As of last weekend, Côte D’Ivoire has two competing presidents: incumbent president Laurent Gbagbo, and is challenger Alassane Ouattara, whom the international community considers the winner of the run-off election. The electoral commission, controlled by Ouattara’s party RDR, certified the result of the Nov. 28 runoff and declared Ouattara the winner with 54 percent of the votes. The Ivoirian Constitutional Court, however, is controlled by Gbago’s party FPI and it refused to certify the result. So Gbago was declared the winner by his supporters and sworn in – the same day Ouattara was sworn in at an Abidjan hotel guarded by UN troops.

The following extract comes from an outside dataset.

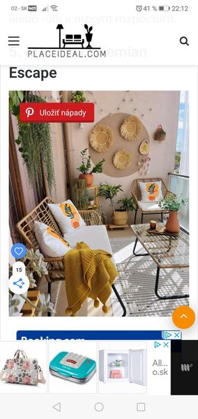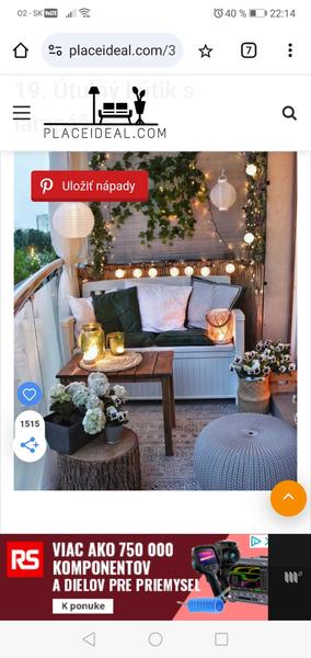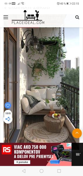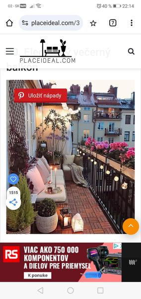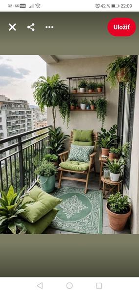@lucka40 Ahoj, záleží aj od metráže. 🙂Podľa toho by som zvolila sedenie. Ak je balkón malý, tak stačí decentný stolík s dvomi stoličkami na vonkajšie použitie. Ak je balkón väčší, vieš tam dať aj lavicu na ležanie, dlhšiu vonkajšiu sedačku. Vkusne vyzerá ratan, kovový nábytok s výpletom, drevené stoličky... Na kresielka dáš vankúše s poťahmi a deku, na zem môžeš dať koberček. Balkón dotvoríš aj kvetmi vo vkusných črepníkoch (na nožičkách, závesné črepníky zo stropu, alebo na zábradlie). Lampášiky, led lampičky, svetielka vieš tiež dať na zábradlie. V ikei predávajú aj drevenú balkónovú podlahu Runnen, ktorú tam vieš nainštalovať aj sama. Pozri inšpirácie na pintereste s tagmi ,,boho small balcony inspiration,,.

On the surface the situation looks simple – the ruling party is clinging to power, supported by the army. But it’s not that simple. Yes – Gbago and his party are clinging to power and it does look like they lost a reasonably fair election. But this is so much more complicated than a mere political power struggle because of the ethnic dimension. Simply put, the country is divided North vs. South and Gbago is supported by the South – dominated by Kwa and Krou – and Ouattara is supported by the North – home of the Gour and Mandé people. Currently the North is controlled by the rebel “New Forces” who support Ouattara and the South by the regular military, which supports the Gbago and the Status Quo.

That’s not all. Apparently there has been a long-running dispute regarding Ouattara’s eligibility to run for office at all.

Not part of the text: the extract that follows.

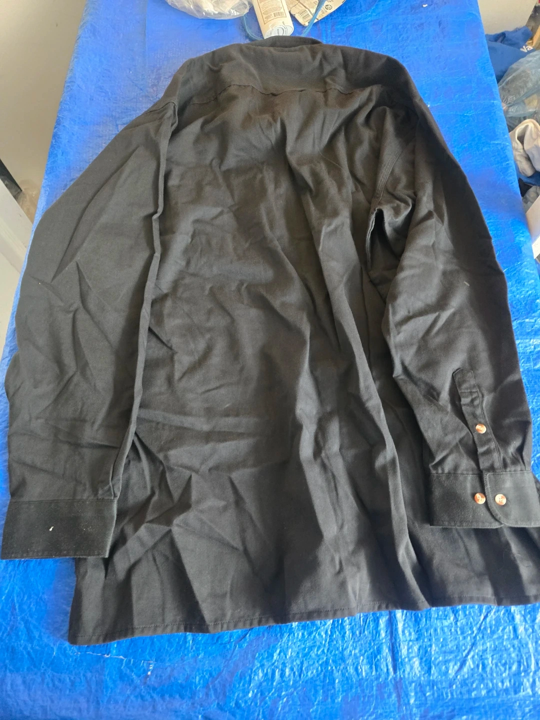 Selling a vintage black long sleeve button down shirt. It's in good condition and ready for a new wardrobe! The shirt features a classic button-down style with long sleeves and a comfortable fit. Perfect for casual or dressy occasions

Back in 1992, Gbago and his supporters, who were then in the opposition to the ruling PDCI, accused then-prime-minister Ouattara (under President Boigny) of being disloyal and beholden to foreign influence. After Ouattara’s faction split from the ruling PDCI to form the RDR, Gbago’s FPI allied with the ruling PDCI in the ’95 elections and began to pursue the notion of “Ivoirité” in politics – essentially to undermine Ouattara’s and his fellow Northerner’s patriotic credibility. This campaign resulted in regional and ethnic polarization in Côte D’Ivoire that culminated in the split of the country after a rebellion in 2002. (Source:

The fundamental problem here is tribal/ethnic politics – typical for West Africa, and not uncommon in other parts of the world. Whenever political fault lines line up with tribal or ethnic division, or religious or cultural divisions, it is hard to build trust. Trust, however, is essential to a democracy.  There has to be some basic level of trust that if my side loses an election, the other side will 1) honor the rule of law and 2) cede power should my side win next time.

So these are precisely the reasons why Gbago won’t leave. He assumes that Ouattara and “his people” will take over and wrest all the jobs and the lucrative little junkets from his people. And who’s to say he is wrong about that? And he and his people have no trust that the new regime will treat them fairly, and/or step down should he win a future election.

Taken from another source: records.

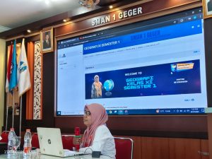 Acara kemudian berlanjut pada sesi pemaparan materi. Bapak Lathif Zamroni, S.Kom., M.Pd menyampaikan materi mengenai implementasi digitalisasi sekolah di SMAN 1 Geger. Selanjutnya, dua perwakilan siswa, Farisa Fernanda Aulia dan Setya Elica Frederica, turut berbagi pengalaman mereka dalam menggunakan e-learning Moodle, baik untuk mendukung pembelajaran maupun untuk kegiatan OSIS dan MPK.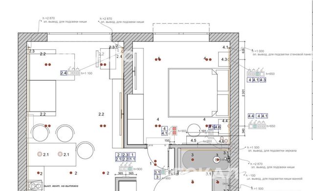 * Кухня-гостиная: встроенная мебель, холодильник, посудомоечная машина, индукционная плита, духовой шкаф, микроволновка, вытяжка, угловой диван, ковер, рабочий стол, большой смарт-ТВ, бризер, кондиционер, теплый пол, зонированное освещение.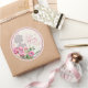 Personalize this pretty bridal shower sticker as all text is easily updated prior to placing into your shopping cart. It features the silhouette of a bride with pink tulips. Utilize these on envelopes, shower favours, and so much more.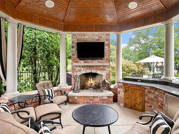 Secluded on a premier 1.2 acre lot backing to trees, sits this impressive 1.5 Sty home. Gorgeous refinished wood flrs & 10ft ceilings throughout the main level. A welcoming 2-Sty foyer leads to study w/French doors, built-in home office & formal dining. 2-Sty great room w/ limestone fireplace has wonderful views of the backyard. Gather around the large eat-in kitchen w/ center island, Wolf/Subzero appliances & granite counters that adjoins the hearth rm w/ stone fireplace & built-in shelves. Spacious main flr primary w/ 2 custom walk-in closets & high-end ensuite. 2 staircases to 2nd flr w/ 3 guest rms, 1 w/ ensuite & 2 share Jack n’ Jill bth. The LL transports you to a mountain lodge & features: 8-seat theatre, 6-seat bar, wine rm, family rm w/stone fireplace, recreation rm w/ built-in shelving, exercise rm & full bth. Enjoy a resort lifestyle in your private backyard w/outdoor living rm w/fireplace, bar & built-in grill; pool & spa; & spacious grassy area. A must see!

In addition, in countries like Côte D’Ivoire, deposed politicians have no K-Street to go to. There are probably not many well-paid lobbying jobs to be had. So where does the ancien politicien go? What retirement benefits are  there for all the former heads-of-state? So what incentive do they have not to try with all their might to cling to power?

So I think it would behoove M. Ouattara to reach out to Gbago and try to reassure him (and his allies) that he will be a president of all Ivoirians, and that he will uphold the rule of law, and that there will be “retirement benefits” for Gbago and his allies. Much is at stake in Côte D’Ivoire right now. If this transition is not reasonably peaceful, it might spoil the chances of furthering democracy in that country for a long time. And it will have ripple effects across the continent. Côte D’Ivoire’s leadership must rise to the occasion and find a solution, a path to build trust, like Ghana did. If Ouattara and Gbago can pull it off, it will be a historic achievement.